A verbatim transcription of the listing below is required, without its pictures.

▶ _SUPPLIED DATA_
■ ■ ■ ■ ■

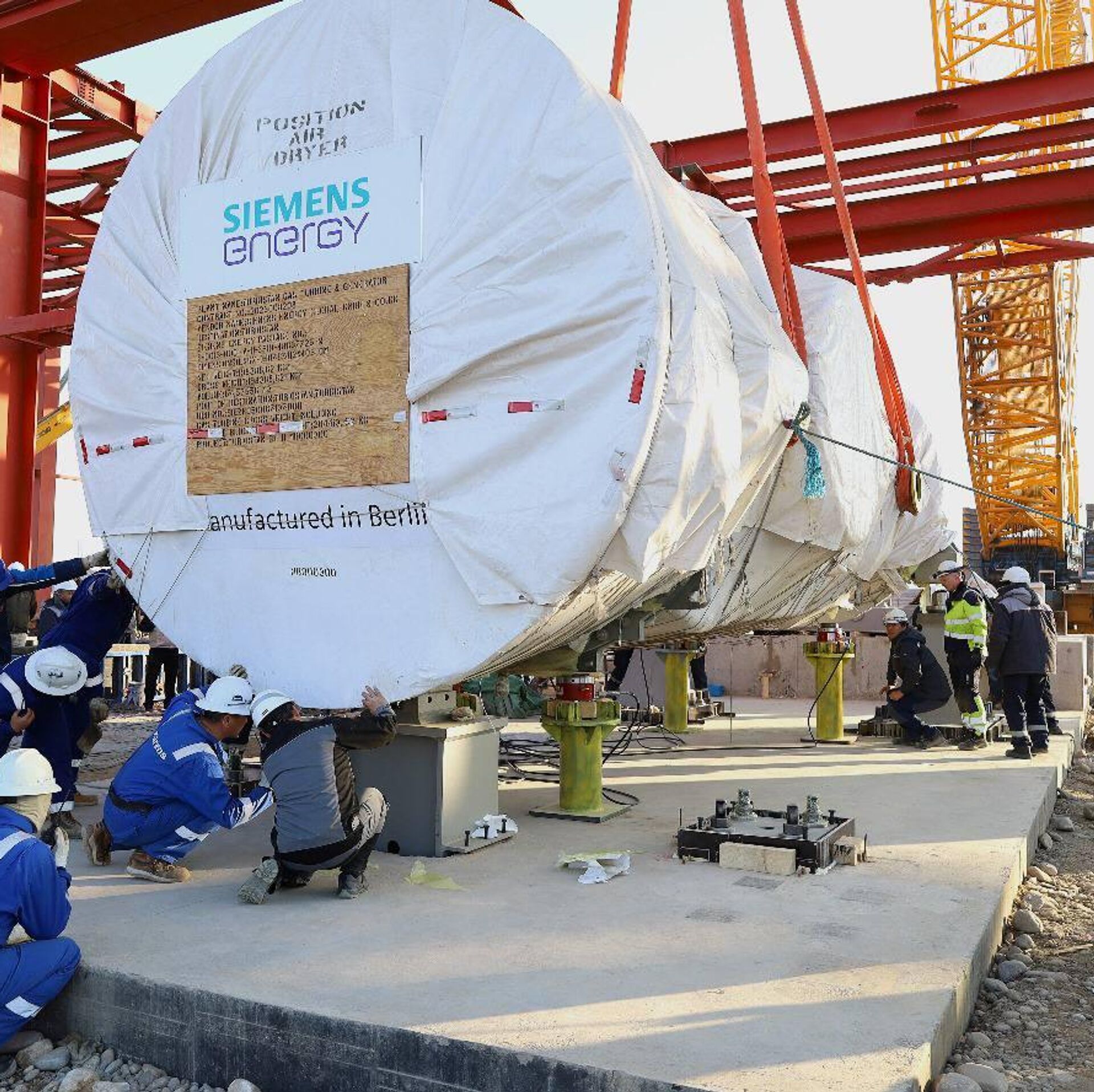 "️На данном этапе газовая турбина установлена на временные монтажные опоры. Основные центровочные, нивелировочные и калибровочные работы будут выполняться позже - в период окончательной установки агрегата на постоянные опоры", - отмечается в сообщении.
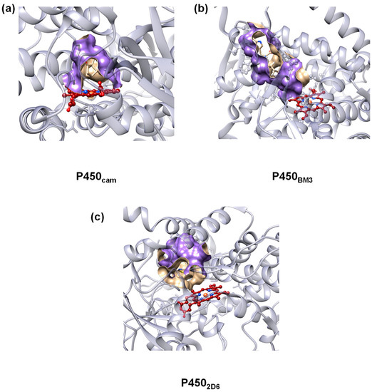 To accommodate for the substrate versatility, the P450s have a substrate binding pocket with a size that is dependent on the P450 isozyme. Thus, P450cam [14,15,16], which is a camphor hydroxylating P450 isozyme where atom C5 of the substrate is regioselectively hydroxylated, has a binding pocket that tightly binds camphor in a specific orientation that enables this selective reaction. To illustrate the size and shape of the substrate binding pocket in P450 isozymes, we show in Figure 1 the crystal structure extracts of protein databank (pdb) files for P450cam (2CPP pdb [17]), P450BM3 (3WSP pdb [18]) and P4502D6 (5TFT pdb [19]). P450BM3 binds long chain fatty acids and hydroxylates these at one of the carbon atoms in the terminus, whereas P4502D6 has a more spherical substrate-binding pocket as it is involved in the biodegradation of xenobiotics in the liver. These P450 isozymes, therefore, have distinct and different substrate binding pockets to accommodate for the substrate-types they activate.
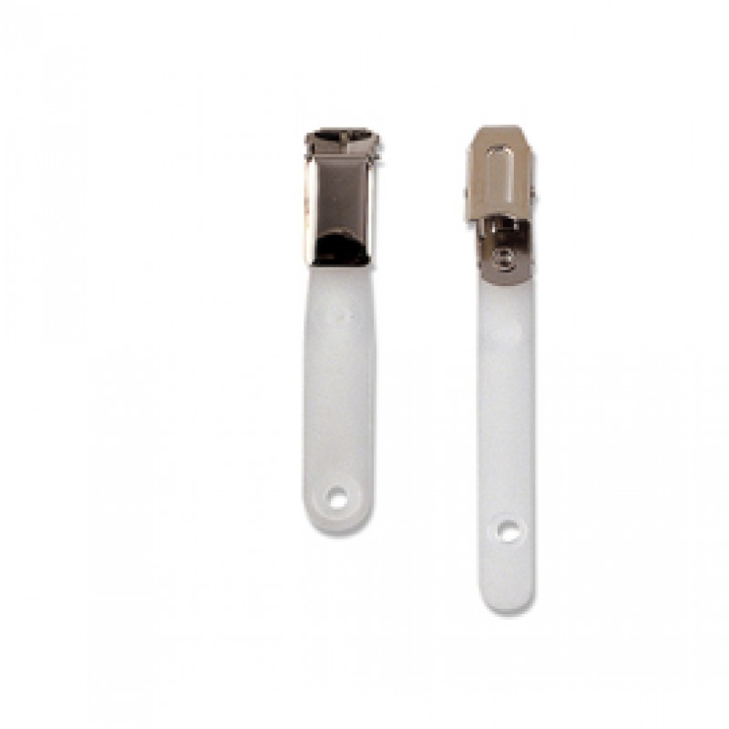 Pinzetta in metallo con chiusura a scatto e protezione salva tessuti in plastica morbida.
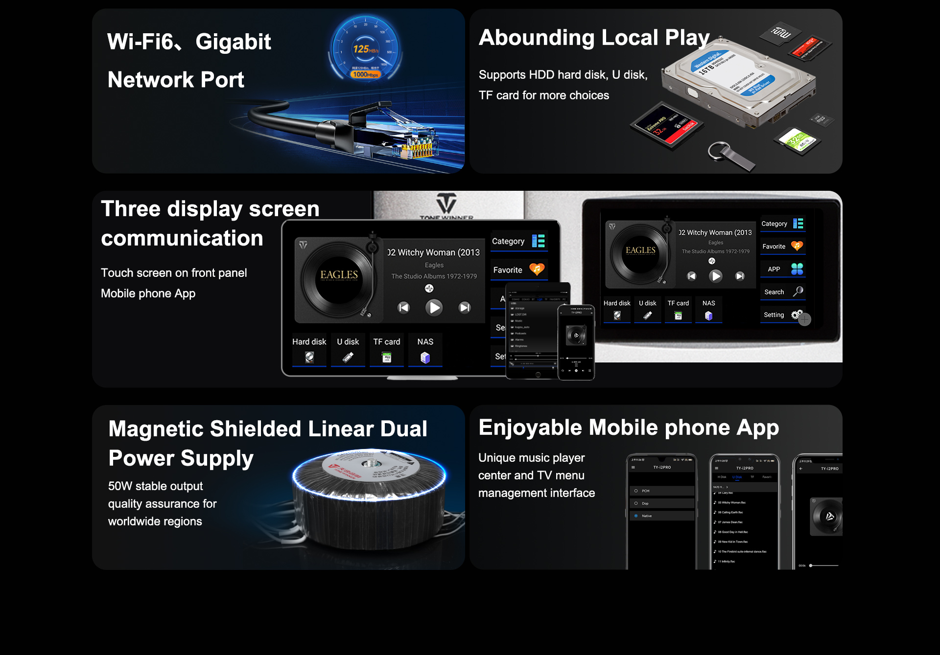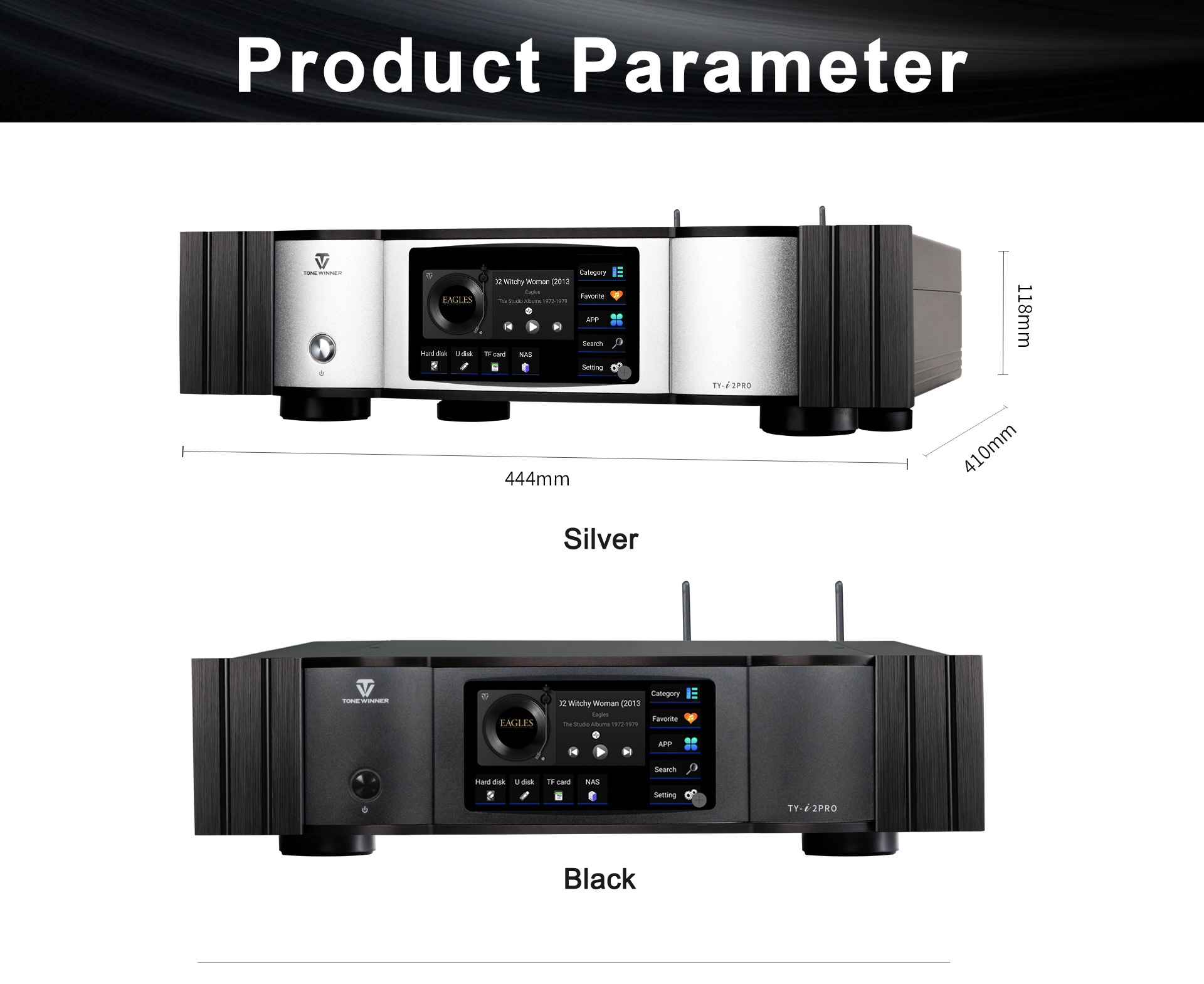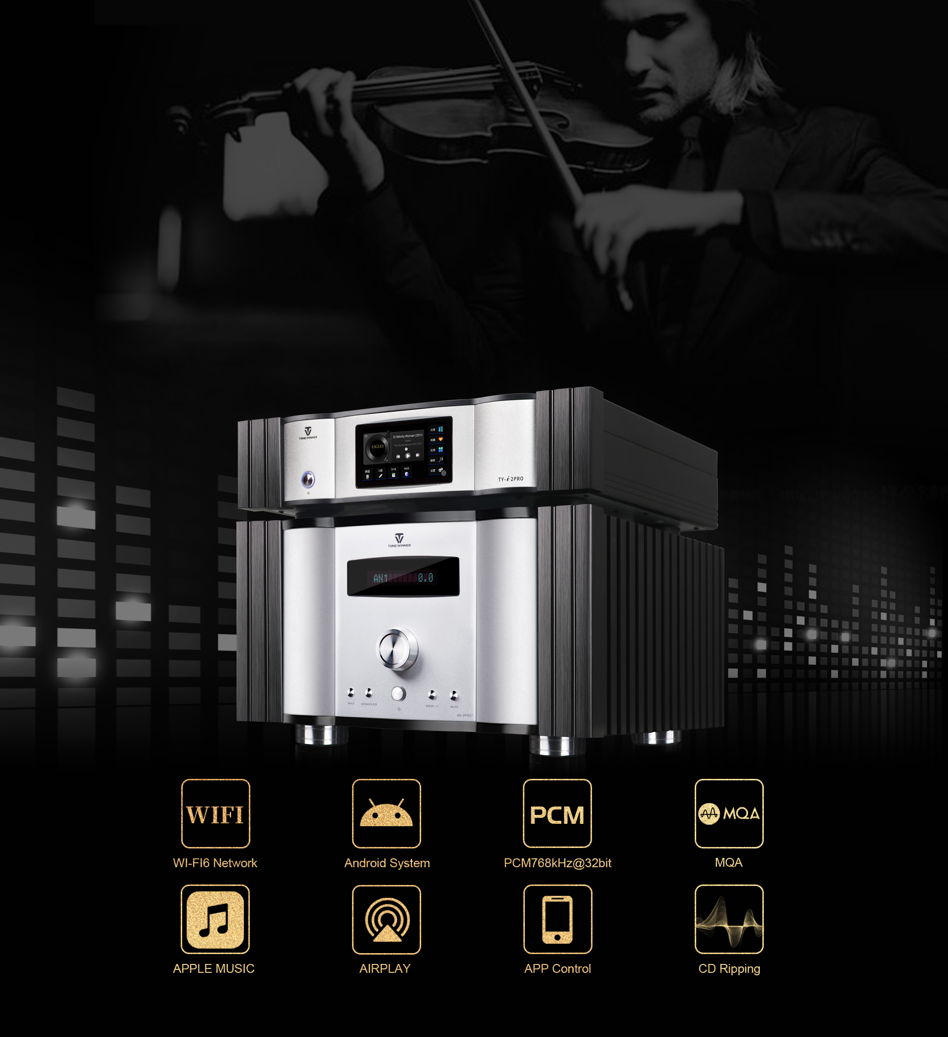 TY-i2PRO to wydajny i wszechstronny odtwarzacz strumieniowy sieciowy. Jest to odtwarzacz audio klasy Hi-Fi klasy High End. Wykorzystuje on autorską technologię Hi-Fi firmy Tonewinner, która umożliwia bezpośrednie wyprowadzanie sygnałów audio. Oznacza to, że na sygnał audio z TY-i2PRO nie wpływa zegar systemowy, a dźwięk z TY-i2PRO zachowuje bezstratną jakość dźwięku Hi-Fi.

■ ■ ■ ■ ■

▶ _OUTPUT FOR THIS TASK_
 "️На данном этапе газовая турбина установлена на временные монтажные опоры. Основные центровочные, нивелировочные и калибровочные работы будут выполняться позже - в период окончательной установки агрегата на постоянные опоры", - отмечается в сообщении.
 To accommodate for the substrate versatility, the P450s have a substrate binding pocket with a size that is dependent on the P450 isozyme. Thus, P450cam [14,15,16], which is a camphor hydroxylating P450 isozyme where atom C5 of the substrate is regioselectively hydroxylated, has a binding pocket that tightly binds camphor in a specific orientation that enables this selective reaction. To illustrate the size and shape of the substrate binding pocket in P450 isozymes, we show in Figure 1 the crystal structure extracts of protein databank (pdb) files for P450cam (2CPP pdb [17]), P450BM3 (3WSP pdb [18]) and P4502D6 (5TFT pdb [19]). P450BM3 binds long chain fatty acids and hydroxylates these at one of the carbon atoms in the terminus, whereas P4502D6 has a more spherical substrate-binding pocket as it is involved in the biodegradation of xenobiotics in the liver. These P450 isozymes, therefore, have distinct and different substrate binding pockets to accommodate for the substrate-types they activate.
 Pinzetta in metallo con chiusura a scatto e protezione salva tessuti in plastica morbida.
 TY-i2PRO to wydajny i wszechstronny odtwarzacz strumieniowy sieciowy. Jest to odtwarzacz audio klasy Hi-Fi klasy High End. Wykorzystuje on autorską technologię Hi-Fi firmy Tonewinner, która umożliwia bezpośrednie wyprowadzanie sygnałów audio. Oznacza to, że na sygnał audio z TY-i2PRO nie wpływa zegar systemowy, a dźwięk z TY-i2PRO zachowuje bezstratną jakość dźwięku Hi-Fi.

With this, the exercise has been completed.